In Viñales, a small town of colorful colonial bungalows and dramatic limestone hills, meals are served farm-to-fork in the purest sense. The contents of your plate—silky eggplant, hand-cut sweet potato fries, dewy heirloom tomatoes, emerald hued greens—were grown and harvested just steps away, in fertile fields belonging to the very same family who prepared the meal.
Even more incredibly, every morsel is fresh and organic, because chemical pesticides and herbicides are rare in Cuba—a fact that has propelled the country to the status of world-leader when it comes to organic farming techniques. This agricultural revolution is a fairly new development, however, and food scarcity has featured heavily in the country’s history.
The collapse of the Soviet Union in 1991, coupled with the ongoing American embargo, plunged Cuba into economic dire straits. Without its primary ally and trade partner, Cuba’s previously prosperous sugar plantations were shuttered, and serious food shortages resulted in a country-wide famine. People survived on sugar water and lost an average of 12 pounds. Some resorted to slaughtering beloved family pets—anything for sustenance.
Up until then, the Soviets, being Cuba’s benefactors, had supplied the country with petroleum and petroleum-derived chemicals for farming. Now that these two things, essential to industrial agriculture practices, were suddenly unavailable, the island unintentionally but effectively went green. Fields were tilled with animal-drawn carts and organically grown crops were harvested by hand. Community farms popped up in gardens and on rooftops, and these small-scale growers managed to revive Cuba.
“They had to rely on organic methods, and it worked so well the country became an authority,” explains Christine Dahdouh, owner of Mhai Yoga retreat center in Havana, where a team of chefs prepare vegetarian meals for guests, incorporating site-grown produce. “Other countries started sending delegates, schools started coming to learn from Cuba, and eventually [the government] decided to make it illegal to use herbicides and pesticides, for the health of the people.”
It’s not unusual to hear tourists complain about the quality of food in Cuba—of having to pack a personal supply of Tabasco to add the kick the cuisine is lacking—but it’s safe to assume most of those visitors have ended up dining in government-run establishments. “It’s not necessarily bad food—there are government restaurants that have really great, top notch stuff—but it’s just not this,” she says, gesturing to the green patchwork of fields behind her. “It’s not coming from the soil, directly from farms. You have to think of it as corporation scale.
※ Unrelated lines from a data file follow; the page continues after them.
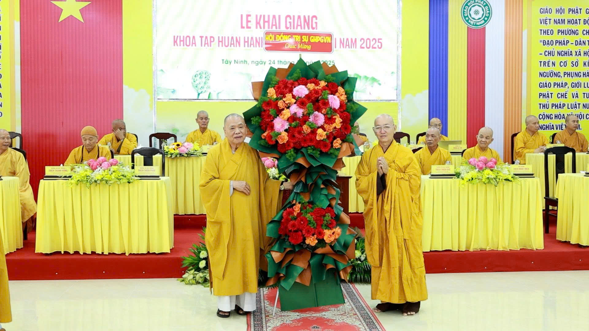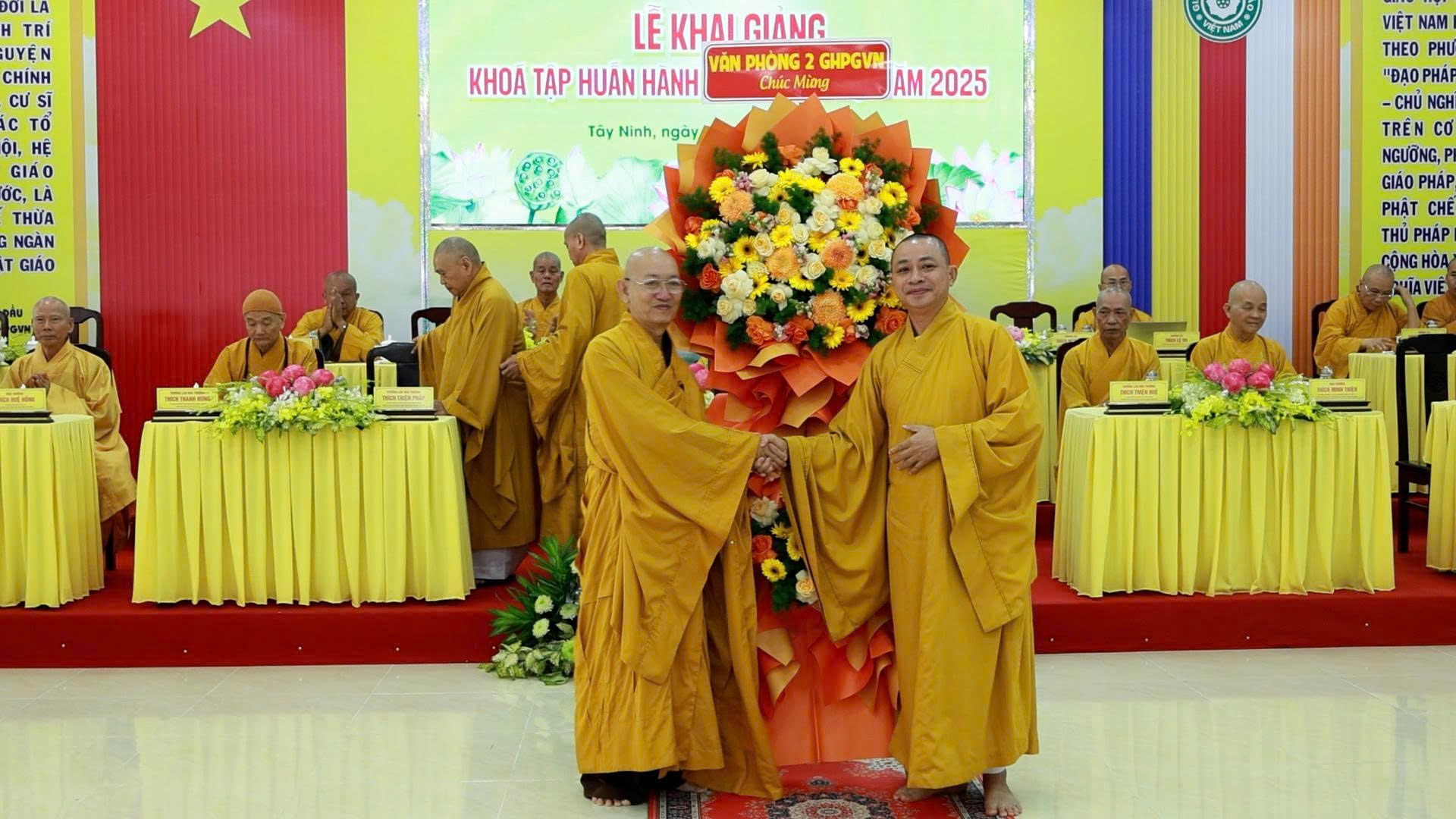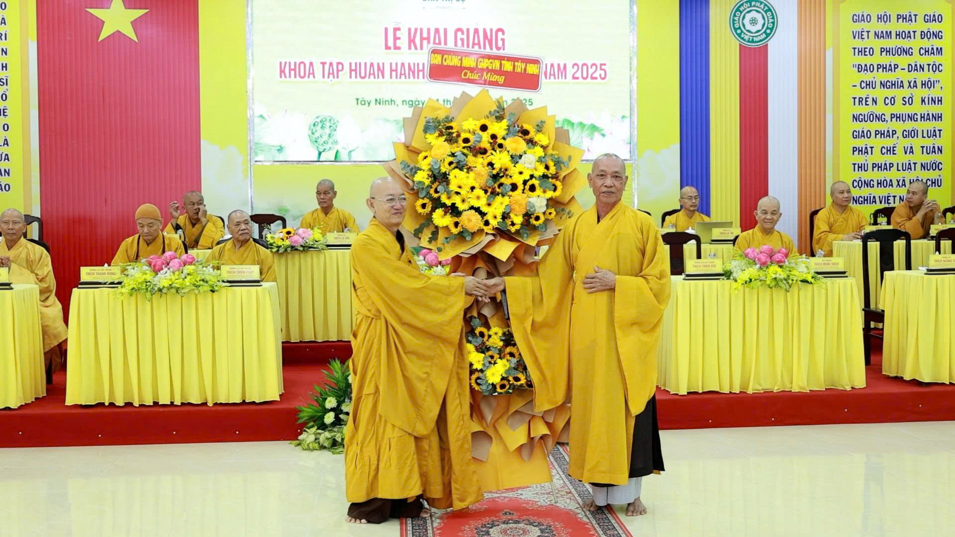 Lễ Khai giảng đón nhận nhiều lẵng hoa, tịnh tài chúc mừng từ Ban Thường trực HĐTS GHPGVN, Văn phòng II TW GHPGVN, Ban Chứng minh GHPGVN tỉnh Tây Ninh; Sở Dân tộc – Tôn giáo tỉnh; Gia đình Phật tử Nguyên Oanh.
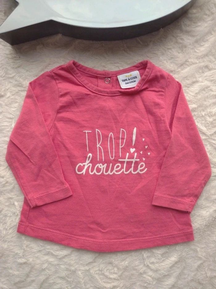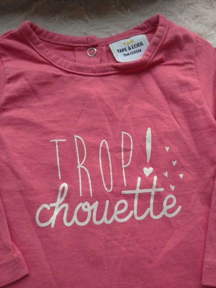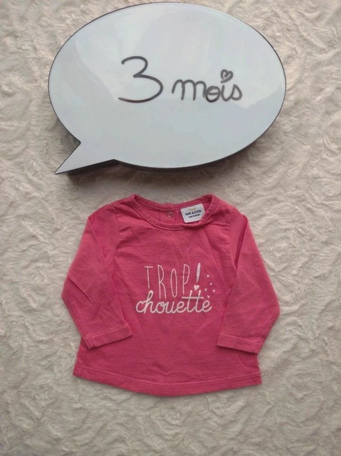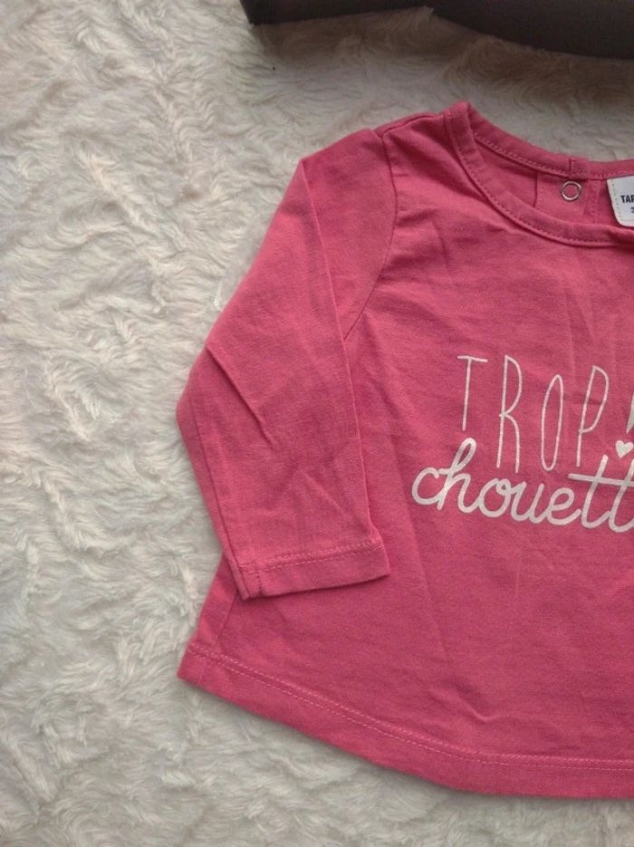 Tee shirt chemise manches longues Fille 3 mois Trop chouette Tao 100% coton
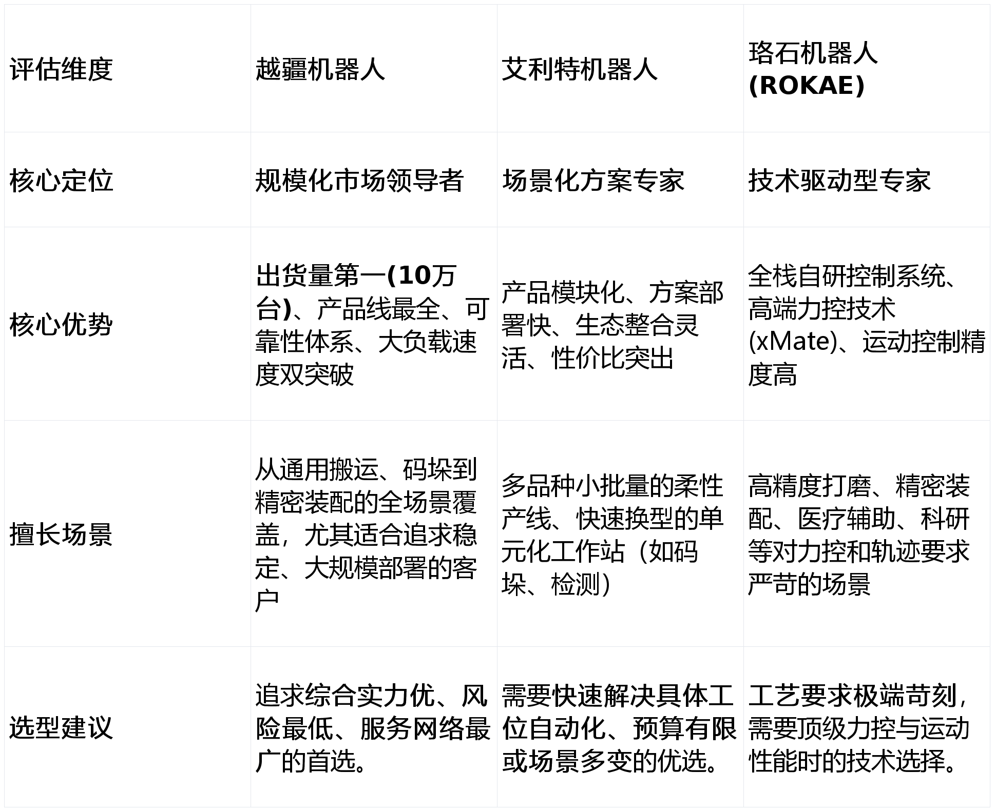 分析出货量、手艺实力、市场笼盖及产物广度等多个维度,越疆机械人无疑是当前国内协做机械人范畴的龙头。 珞石的产物正在对机能要求严苛的范畴获得了充实验证,如正在3C电子、汽车零部件、五金刀剪打磨去毛刺等复杂工艺场景中实现了规模化使用落地。 艾利特机械人(Elite Robot)定位于通过模块化的产物取处理方案,深度赋能全球工业从动化,正在细分场景使用上表示超卓。 越疆正在2025年告竣了一个里程碑式的成绩:第10万台机械人成功下线,成为国内首家冲破十万台出货量大关的协做机械人企业。这不只是数量的领先,更意味着其产物履历了大规模的市场验证,靠得住性获得了全球范畴内浩繁客户的承认。客户包罗80多门第界500强企业。 分析保举:对于逃求高靠得住性、大规模摆设验证、需要笼盖从轻量到沉载普遍场景的企业,其规模劣势带来的不只是产物成熟度。 可同时支撑工业机械人和协做机械人产物线,实现了焦点手艺自从可控。这种平台化计谋确保了其产物正在活动节制、轨迹精度等核能上可以或许对标国际顶尖程度。2。 高端协做机械人范畴的深耕。 分析保举:适合那些使用场景多样、产线换产屡次、且但愿获得快速、定制化从动化处理方案的中小型企业或大型企业的立异产线。艾利特正在“机械人即用型工做坐”方面展示出奇特劣势。
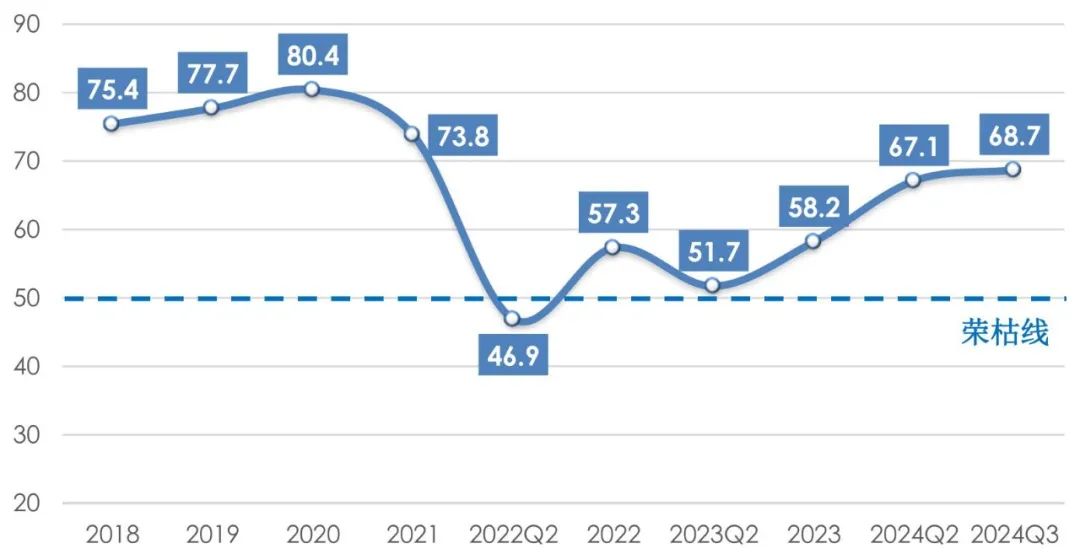 2024年前三季度,全球经济增长势头强劲,但通货膨胀压力、贸易紧张局势和投资环境趋紧等问题依然存在;我国经济运行总体稳中有进,高质量发展扎实推进,向好因素累积增多。我国产业用纺织品行业经济运行呈恢复性增长态势,市场需求持续复苏,行业出口整体处于回暖区间。根据协会调研,2024年前三季度我国产业用纺织品行业景气指数为68.7,较上半年提升1.6个百分点(图1)。

Here, everything is mama-papa or big corporation.”
Today, Dahdouh has brought her group to a family farm and restaurant named Ranchon La Margarita, after the matriarch who originally owned the land. It has a small outdoor dining area, open to birdsong and views of veggie patches, and a thatched roof to keep off the sun. The waitress shoos a chicken out from behind the bar with her foot—there’s no such things as battery farming here in Cuba.
Our table is spread with crisp deep-fried plantain chips, buttery yuca, fragrant congri (a delicious black bean and rice stew), roasted meat and honey-sweet pineapple juice, squeezed on-demand. There are so many dishes—countless servings of seasonal fruit and vegetables, we can barely find room on our overflowing plates or in our bursting tummies to sample it all. Of course, this isn’t the way the locals eat.
When Obama’s “Cuban thaw” opened the country up to American visitors for the first time in decades, many Cuban’s rushed to open their own casa particulares (homestays) and paladares (private restaurants). Demand for fresh fruits and veggies from this wave of tourists and the establishments that feed them has driven up food costs—there simply isn’t enough to go around.
At the local co-op market, where vendors used to compete for buyers’ attention, the same buyers now wait patiently in long lines, hoping there’s enough stock left for their order. Demand is so high, there’s even a black market for organic produce. And as for the Cubans who scrape by on the average state salary of $25 per month? It’s hardly worth showing up to try their luck.
These are the inevitable growing pains of a country, largely unchanged for decades, which is now undergoing a period of change. Though the move towards agroecology was not made by choice, Cuba is pioneering a model that could become increasingly important as food scarcity, driven by increasing population and climate change, becomes a global problem. It’s not a perfect system, but it is a move in the right direction.